— Pulando, pulando, quem não pula é miliciano — entoou a certa altura do show o vocalista e violonista Mateo Piracés-Ugarte. A frase resume bem o show no Rock in Rio da explosiva Francisco, el Hombre, uma mistura intensa de pulos contínuos e críticas ao governo do presidente Jair Bolsonaro (PSL).
Teve bandeira do MST (Movimento dos Trabalhadores Rurais Sem Terra), Lula Livre, foto da deputada federal Luiza Erundina (PSOL-SP), militantes indígenas e menções à Amazônia e a greves pela educação.
"Mentira acima de tudo, censura pra cima de todos", dizia uma das frases estampadas no telão fazendo uma alusão ao slogan do governo. E quando o público gritou:
— Ei, Bolsonaro, vai tomar no cu.
— Tomar no cu é uma delícia — o cantor respondeu.
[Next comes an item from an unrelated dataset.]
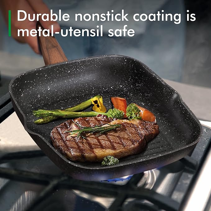 - Nonstick Granite Stone Coating: The pots and pans set features a durable granite stone coating that ensures easy food release and quick cleanup. The coating is also scratch-resistant and safe for use with metal utensils

A apresentação, a primeira do dia no palco Sunset, começou com a mais lenta Triste, Louca ou Má, com o refrão "o homem não te define, sua casa não te define, sua carne não te define. Você é seu próprio lar".
No fundo, projeções de mulheres como a paquistanesa Malala, a escritora e militante Djamila Ribeiro, a estudante e ativista ambiental Greta Thunberg, e uma jovem Dilma Rousseff depondo numa auditoria militar. A música terminou com um abraço entre as integrantes femininas. Na canção Bolso Nada, parceria com Liniker e os Caramelows, trechos cantavam: "Esse cara escroto, mucho escroto" e "Bolso dele sempre cheio, Bolso nada que pariu".
— Muita gente falou para a gente maneirar no discurso. Mas agora, que a gente chegou a esse lugar, era a hora de falar — disse Mateo ao jornal Folha de S.Paulo após deixar o palco. — Tem uma galera vendo de casa que não pensa como nós. A gente desceu do palco e já tinha "hater" nos xingando nas redes sociais. É uma oportunidade de mostrar que tem muita gente pulando e que não está a favor de esconder quem matou Marielle, dessa junção do governo com a milícia. É supersimbólico mostrar isso em uma transmissão ao vivo.
Francisco, el Hombre, que escolhe a palavra ruptura para se definir, "já foi coco, cumbia, maracatu, salsa e sopros de ciranda", mas agora está na vibe do "punk-rock, eletro-punk, freak", segundo texto de apresentação da banda. Eles estão no seu segundo disco de estúdio, Rasgabaceza.
O grupo é formado por cinco integrantes: Mateo, Seb, Ju, Gomes e Andrei. Os dois primeiros, irmãos e mexicanos, chegaram ao Brasil em 2000 enquanto viajavam o mundo e fundaram a banda em Campinas (SP). O nome vem de um folclore colombiano, um homem que vagava pelas ruas das cidades tocando acordeão.
A apresentação nesta quinta-feira (3) ocorreu sempre aos pulos: pulo normal, depois de ficar agachado, correndo numa rodinha e até dancinha com pulos. A plateia não parou nem por um minuto desde que a banda entrou vestida com o uniforme da seleção brasileira, meiões vermelhos e os dizeres "Educar e resistir" escritos nas costas.
Os trajes no início se misturaram com as estampas caribenhas do grupo colombiano Mounsier Periné, que abriu o show esquentando o público com sua mistura de jazz, pop e swing dançante, em espanhol e também francês.
— Eu gostei — dizia uma jovem aos amigos.
Com cinco indicações ao Grammy Latino, tendo vencido em 2018 na categoria Melhor Artista Novo, a banda tem uma pegada um pouco mais calma que a Francisco, mas segue na mesma linha. E entrou no clima:
— Nós brasileiros e colombianos compartilhamos nossa mistura, nossa cultura e nossas lutas. Vamos hoje unir nossas vozes para semear uma mensagem de unidade e paz, porque esse mundo está louco. E não existe governo mais importante que a vida, a terra e os rios — falou a vocalista Catalina García.